Determine the forward-biased B-E voltage required to achieve a recombination factor equal to \delta=0.9967.
Consider an npn bipolar transistor at T=300 \mathrm{~K}. Assume that J_{r 0}=10^{-8} \mathrm{~A} / \mathrm{cm}^{2} and that J_{s 0}=10^{-11} \mathrm{~A} / \mathrm{cm}^{2} .

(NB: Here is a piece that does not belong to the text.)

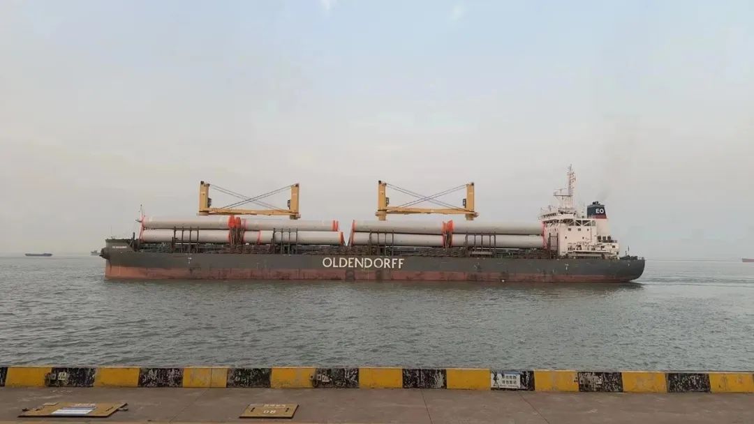 本批次發(fā)運的15套、75段塔筒,由國際知名的散雜貨遠(yuǎn)洋運輸公司“OLDENDORF”船公司承運,將歷時近一個月直接運抵澳大利亞,交付至GE公司。該批次15套風(fēng)電機組投運后,每年可以提供約5億度的清潔電力,滿足當(dāng)?shù)丶s10萬戶家庭1年的用電量。

The recombination factor, from Equation (12.44), is
\delta=\frac{1}{1+\frac{J_{r 0}}{J_{s 0}} \exp \left(\frac{-e V_{B E}}{2 k T}\right)} (12.44)
We then have
0.9967=\frac{1}{1+\frac{10^{-8}}{10^{-11}} \exp \left(\frac{-e V_{B E}}{2 k T}\right)}
We can rearrange this equation and write
\exp \left(\frac{+e V_{B E}}{2 k T}\right)=\frac{0.9967 \times 10^{3}}{1-0.9967}=3.02 \times 10^{5}
Then
V_{B E}=2(0.0259) \ln \left(3.02 \times 10^{5}\right)=0.654 \mathrm{~V}
Comment
This example demonstrates that the recombination factor may be an important limiting factor in the bipolar current gain. In this example, if V_{B E} is smaller than 0.654 \mathrm{~V}, then the recombination factor \delta will fall below the desired 0.9967 value.